The dynamic growth of the city in the 19th century increased the demand for water. To create a municipal waterworks, land and a shooting house were purchased from the shooting fraternity in 1838 on what is now 1 Maja Street. In 1862, additional land was acquired. However, the waterworks was not established until 1874. It included a water pumping station drawing from the Oder river with two pumping units, a filter unit, a clean water reservoir, a clean water pumping station with two steam units, and a water tower with a capacity of 500 m^{3}. Previously, there was also the turret clock of the Racibórz prison serving as a water tower, which the correctional facility used for its own purposes.

As the city developed, so did the water supply network. In September 1902, it was decided to extend the pipeline to Stara Wieś. In February 1904, a decision was made to connect Płonia to the water supply. The water supply and gas pipeline were routed via the former bridge along today's Piaskowa Street. At that time, the water supply also operated in Brzezie, which was still an independent settlement (it was incorporated into Racibórz only in 1975).

The increasing pollution of the Oder prompted city authorities to search for alternative water sources. In 1870, the city purchased several plots in Brzezie with the right to extract water from those areas. However, this initiative was protested by the authorities of Brzezie, who feared a depletion of water resources for the village. The idea of extracting water from sources in Brzezie was revisited in 1895, when water searches were commissioned in the Widok Forest. Further searches began in 1897, but no significant resources were found. In 1904, larger sources were discovered in Studzienna, leading to the initiation of work to establish a new intake.

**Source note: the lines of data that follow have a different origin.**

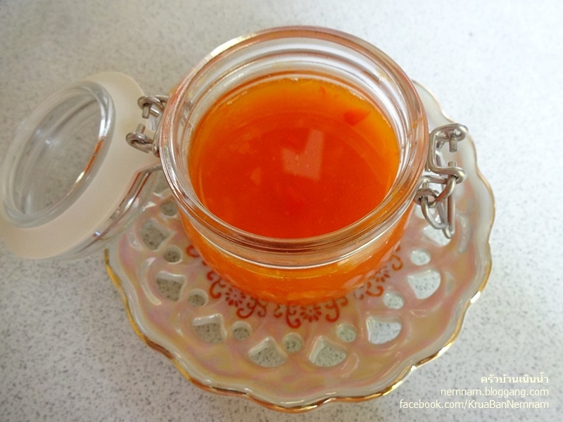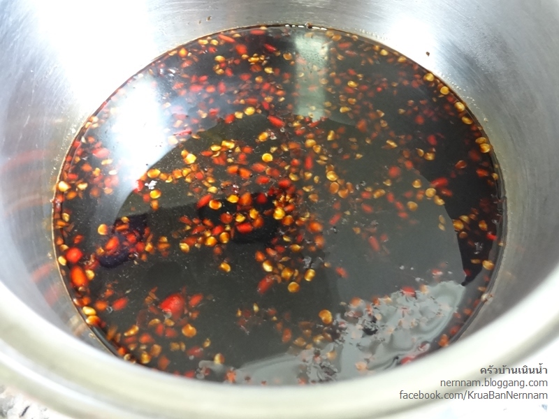 นำขึ้นตั้งไฟอ่อนให้น้ำตาลละลายและเดือด ชิมรสให้ได้สามรส ปิดไฟแล้วจึงใส่พริกขี้หนูซอย
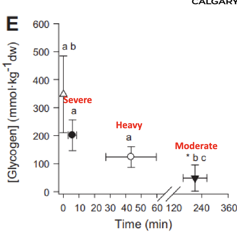 In short: Fatigue at severe intensities is mostly metabolic, at heavy intensities it’s a mix of metabolic problems and energy depletion, and at moderate intensities, it’s mostly due to running out of glycogen.
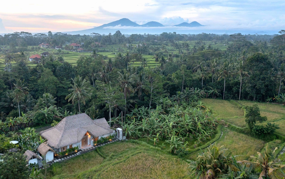 WHOLE PRIVATE HOUSE, with private pool, 2 serene and spacious suites, surrounded by lush green rice fields and jungle view. Only 3 minutes from the center of Ubud but feels like kilometers away. A world away from the hustle and bustle of everyday life. PLEASE BE AWARE: It can be reached by a 15 minutes walk or a 3 minutes motorcycle ride from the heart of Ubud (THE LAST PART OF THE PATH IS ONLY ACCESSIBLE BY FOOT OR MOTORCYCLE).
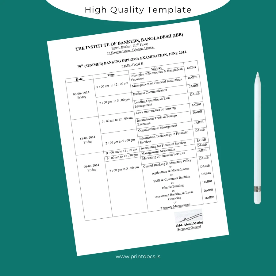 Editable and Professional Bangladesh Institute of Bankers Banking Diploma Template
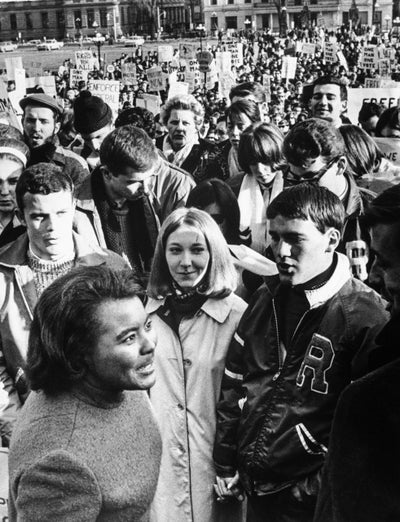 Amidst the rubble, Hall led the vigil attended by 50 African-Americans including Dr. King and Rev. James Bevel. At 22, Hall had only recently graduated from Temple University with a degree in political science, but she was a civil rights veteran. She immersed herself in the principles of nonviolence during high school at the Fellowship House, a social justice organization in her hometown of Philadelphia, PA. While in college, she was arrested attempting to integrate Barnes Drive-In, an Annapolis restaurant next to the State House, for which she did jail time. Hall also knew from the pulpit, as her father founded the Mount Sharon Baptist Church in 1938. (Rev. Berkeley Hall considered Prathia his successor, which would come to full fruition in 1978 when she took over.)

In 1905, 12 deep wells were dug to a depth of up to 15 m, yielding 6,300 m^{3} of water per day. The area was fenced off. The water was directed to a collection well, which was 12 m deep and 7 m in diameter, and then to the municipal waterworks via a pipeline 2.2 km long. The entire system was put into operation at the end of September 1906. The water resources in Studzienna are of Quaternary origin, with good quality but susceptible to pollution, requiring monitoring and purification.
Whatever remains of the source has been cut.